Какая дырявая память! Впрочем, Мэри Стюарт уже нет дела до его памяти.
– Ты тоже скуп на детали, – напомнила она ему.
– Мне нечего рассказывать: работаю, света белого не вижу, нигде не бываю. Вкалываю как проклятый день и ночь. Все готовлюсь к процессу. Удовольствия мало, зато есть перспектива выиграть дело. Мы очень хорошо подготовлены.
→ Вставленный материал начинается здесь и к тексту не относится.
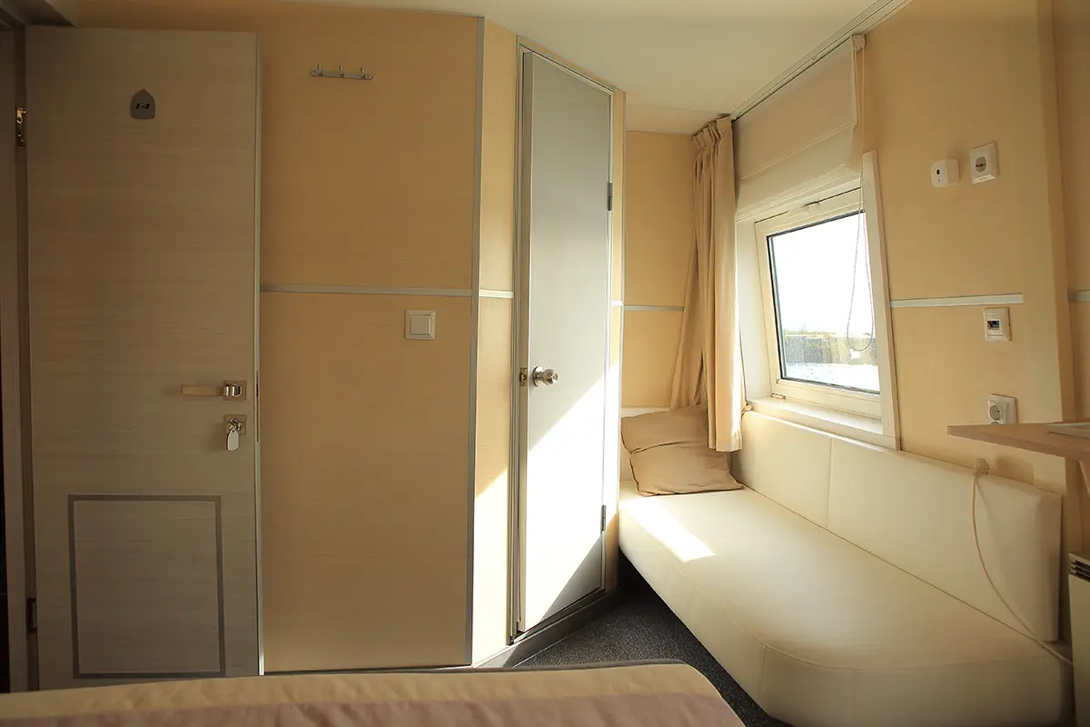 В каюте имеются: Двуспальная кровать , Шкаф для одежды , Столик , Электророзетка , Туалет , Душ , Умывальник с холодной/горячей водой , Зеркало , Фен , Обзорные окна ;
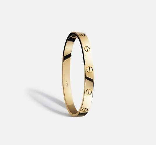 Love est l’expression de la vision du design de Cartier. Lignes pures jusqu’à la perfection : un bracelet ovale imaginé en 1969 à New York par Aldo Cipullo qui se compose de deux arcs de cercle rigides et plats que l’on doit visser pour les assembler à l’aide d’un tournevis adapté.
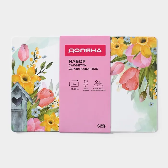 Позвольте себе порадовать свой стол с набором сервировочных салфеток «Акварель» от Доляна — настоящим искусством сервировки! Каждая из шести салфеток размером 43 х 28 см украшена ярким цветочным рисунком, который освежит ваш интерьер и создаст неповторимую атмосферу радости и уюта.
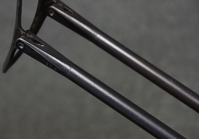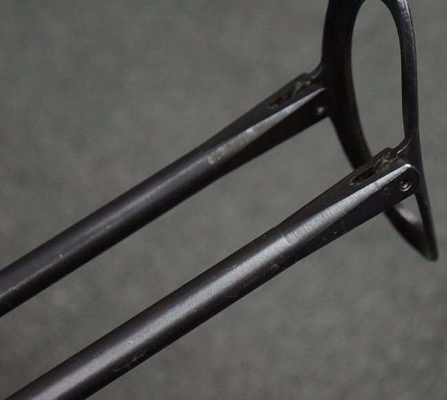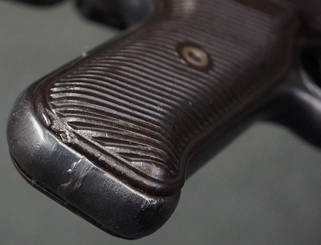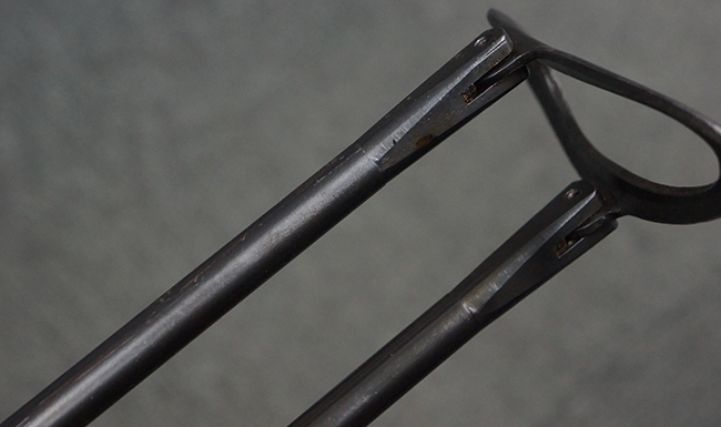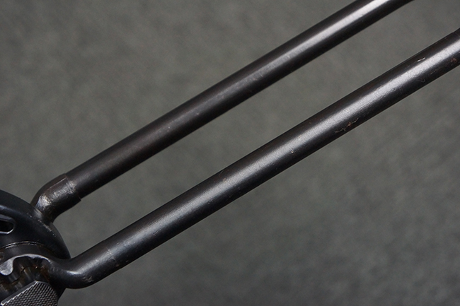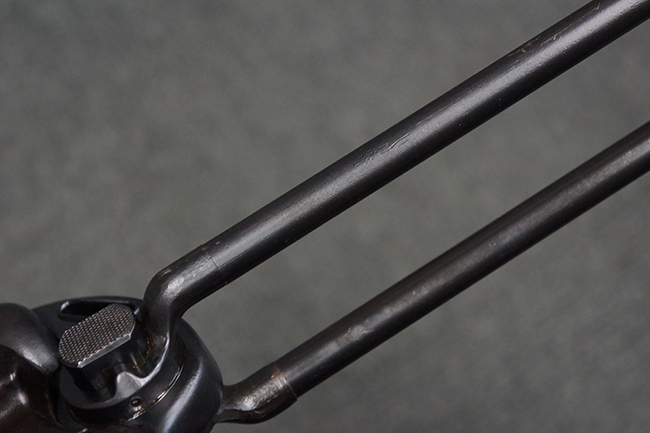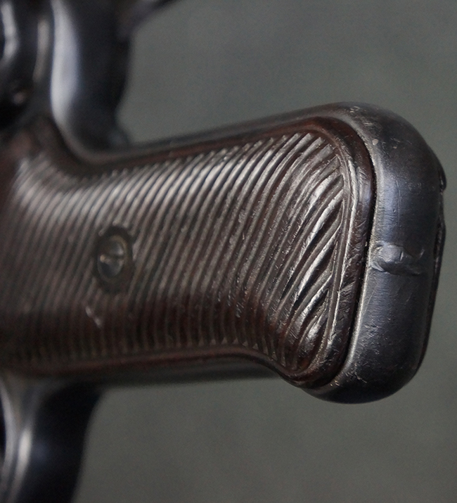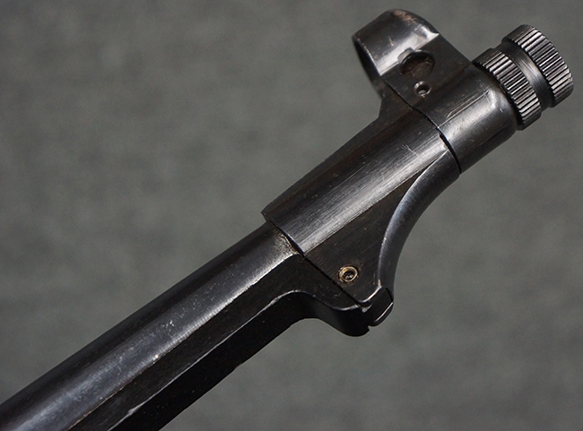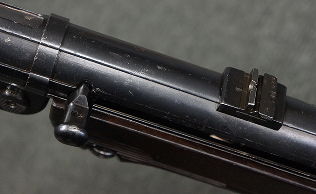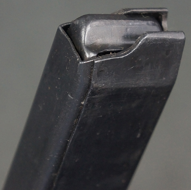 本品の機関部や銃身といった金属部は、やや打ち傷や擦れ、経年による褪色の他、一部に表面錆痕や仕上げが落ちて金属の地肌が表れている箇所が見られるものの、現状目立った欠損等は見受けられず、オリジナルのブルー仕上げも比較的残っています。 樹脂製のハンドガードやグリップ・パネル、バレル・レストについても、やや打ち傷や線傷等は見られるものの、大きな破損等は見られず、比較的良好な状態が保たれています。 アッパー・レシーバーとロア・レシーバーの取り付けにはやや遊びが見られます。 マガジンの着脱やリア・サイトの切り替え、ストックの展開・折り畳み操作については問題なく行う事が可能です。 前部スリング取り付け金具にやや遊びが見られます。 マガジンは取り付け時に前後にやや遊びが見られますが、固定自体はしっかりとしています。 ストックは折り畳み時に若干の遊びが見られますが、MP40としては平均的なレベルです。 付属のマガジンには「M.P.38 u 40」及び1944年ステアー社製を示す「kur 44」の刻印が入っており、やや打ち傷や表面錆痕が見られるものの、大きな凹みや変形は見られず、概ねしっかりとした状態が保たれています。 尚、マガジン・スプリングは入っています。
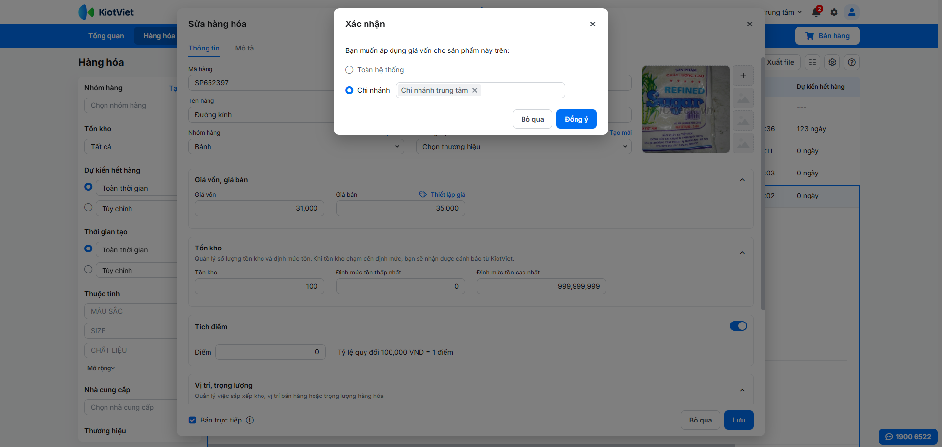 - Áp dụng giá vốn khi thêm mới, cập nhật sản phẩm trên Toàn hệ thống hay cụ thể 1 vài chi nhánh.
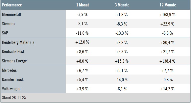 Die Anleger suchen daher nach Alternativen und werden durchaus bei Werten fündig, die auch zuvor schon gut gelaufen sind. So wird die Performance-Liste des letzten Monats von Heidelberg Materials, Deutsche Post und Siemens Energy angeführt – alles Titel, die auch bei der Zwölfmonatsrendite glänzen. Aber auch bei den vorherigen Underperformern tut sich etwas. Insbesondere die gescholtenen Automotive-Werte konnten sich allesamt eher im oberen Bereich des Tableaus platzieren. Und das, obwohl der DAX insgesamt schwach war. Abschläge bei den vorherigen Favoriten und eine Erholung bei schwachen Werten – das ist zumindest im Ansatz eine gesunde Sektorrotation.

– Чудесно, – выдавила она, глядя на носки своих красных сапог и усиленно вспоминая мужа. В трубке звучал его голос, но в голове упорно возникал образ Хартли. Сравнение выходило не в пользу Билла. Она не могла представить такого же тягучего разговора с Хартли Боуменом. Вряд ли с ним она прожила бы целый год в таком отчуждении, как с Биллом. Ей не хотелось возврата к прошлому.
– А ты? – встревожено спросил он, чувствуя ее нежелание поддерживать разговор и гадая, в чем причина.
– Каждый день катаемся верхом. Тут необыкновенно красиво. Никогда не видела настолько чудесных мест. Горы Титон – это нечто потрясающее.
– Как подруги?
Откуда этот внезапный интерес? Она ломала голову и не находила ответа.
– Отлично. – Она не стала ничего говорить о Зое. – Сейчас ждут меня в ресторане.
Ни слова ни о танцах, ни о Зоиной болезни. Ей ничем не хотелось с ним делиться.
– Что ж, не стану больше тебя задерживать. Передай им от меня привет.
Она собиралась поблагодарить его и сухо попрощаться, но томительная пауза заставила ее напрячься. Он звонил ей в три часа ночи, они не виделись уже несколько недель...
– Стью... Я по тебе скучаю...
Вдруг наступила тишина, которой, казалось, не будет конца.
Зачем он произнес эти слова? После целого года молчания и боли – зачем? Может быть, он ощущает свою вину, сожалеет об утраченном? Она не хотела продолжать разговор.
Все: возврата нет!
Ей вдруг показалось по его интонации, что он выпил лишнего! Это так на него не похоже, но глухая ночь и одиночество кого угодно заставят махнуть рукой на привычки...
– Смотри не перетрудись, – только и сказала Мэри Стюарт. Месяц назад, полгода или тем более год она бы назвала себя бездушным чудовищем. Сейчас же ничего не почувствовала, простившись и повесив трубку. Ее ждали подруги и вкусный ужин.
Танцевальный вечер оказался еще веселее, чем они предполагали. На него явились все гости, даже Зоя, обмотанная синей кашемировой шалью. В платье из замши и чудесных бирюзовых серьгах она выглядела красавицей. Некоторые гостьи были в коротких юбочках, разлетавшихся в танце. Таня смотрелась, как всегда, великолепно в белом кружевном платье викторианского покроя, придававшем ей одновременно невинный и невыносимо соблазнительный вид. Увидев ее. Гордон едва устоял на ногах. На нем были джинсы и ковбойская рубаха, черная ковбойская шляпа, и такого же цвета сапоги. Таня поспешила сравнить его с ковбоем из кинофильма, и он гордо приосанился.